The last time she’d felt such strength of resolve had been that night five years ago when she fled Lady Devine’s ball and removed herself out from the marriage mart for good.

To think she’d again wound up dancing with Xavier Campion just weeks ago at her mother’s ball. He’d once again taken pity on her.

No doubt her mother arranged those two dances as well as the first. More reason to be furious with her.

But never mind that. The matter at hand was her mother’s refusal to answer Phillipa’s questions, flouncing out the drawing room in a huff instead.

Phillipa had demanded her mother tell her where her brothers and father had gone. The three of them had been away for a week now. Her mother had forbidden the servants to speak of it with her and refused to say anything of it herself.

Ned and Hugh had a rather loud quarrel with their father, Phillipa knew. It occurred late at night and had been loud enough to wake her.

‘It is nothing for you to worry over,’ her mother insisted. She said no more.

If it were indeed nothing to worry over, then why not simply tell her?

Granted, in the past several days Phillipa had been closeted with her pianoforte, consumed by her latest composition, a sonatina.
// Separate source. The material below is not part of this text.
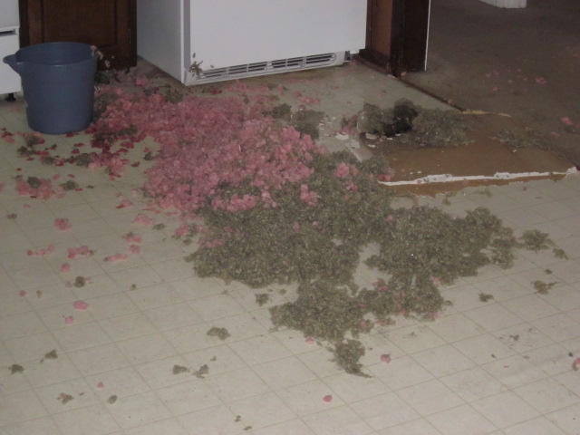 That’s what fell from my ceiling in my kitchen. Yesterday, when the rain started I placed a bucket under the crack. I came back today and found this. I walked around with a rag over my mouth and nose. I can’t breathe that crap in. Who knows what it is.

Pouring her passions into music had been Phillipa’s godsend. Music gave her a challenge. It gave her life meaning.

Like getting the phrasing exactly right in the sonatina. She’d been so preoccupied she’d not given her brothers or her father a thought. Sometimes she would work so diligently on her music that she would not see them for days at a time. It had finally become clear, though, that they were not at home. That in itself was not so unusual, but her mother’s refusal to explain where they had gone was very odd. Where were they? Why had her father left London when Parliament was still in session? Why had her brothers gone with him?

Her mother would only say, ‘They are away on business.’
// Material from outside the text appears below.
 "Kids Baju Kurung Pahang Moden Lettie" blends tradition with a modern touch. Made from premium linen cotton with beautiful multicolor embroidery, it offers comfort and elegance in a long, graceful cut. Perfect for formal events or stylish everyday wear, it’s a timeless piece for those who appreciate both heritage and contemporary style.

Business, indeed. A strange business.

This whole Season had been strange. First her mother and brother Ned insisted she come to town when she’d much have preferred to remain in the country. Then the surprise of her mother’s ball—

And seeing Xavier again.

The purpose of that ball had been a further surprise. It was held for a person Phillipa had never known existed.

Perhaps that person would explain it all to her. His appearance, the ball, her brothers’ and father’s disappearance—all must be connected somehow.

She’d ask John Rhysdale.

No. She would demand Rhysdale tell her what was going on in her family and how he—her half-brother, her father’s illegitimate son—fit into it.

Rhysdale’s relationship to her had also been kept secret from her. Her brothers had known of him, apparently, but no one told her about him or why her mother gave the ball for him or why her parents introduced him to society as her father’s son.

A member of the Westleigh family.

Her mother had given her the task of writing the invitations to the ball, so she knew precisely where Rhysdale resided. Phillipa rushed out of the drawing room, collected her hat and gloves, and was out the door in seconds, walking with a determined step towards St James’s Street.

She’d met Rhysdale the night of the ball. He was very near to Ned’s age, she’d guess. In his thirties. He looked like her brothers, too, dark-haired and dark-eyed. Like her, as well, she supposed, minus the jagged scar on her face.

To Rhysdale’s credit, he’d only given her scar a fleeting glance and afterward looked her in the eye. He’d been gentlemanly and kind. There had been nothing to object in him, except for the circumstances of his birth.

And his choice of friends.

Why did Xavier Campion have to be his friend? Xavier, the one man Phillipa wished to avoid above all others.

Phillipa forced thoughts of Xavier Campion out of her mind and concentrated on being angry at her mother instead. How dared her mother refuse to confide in her?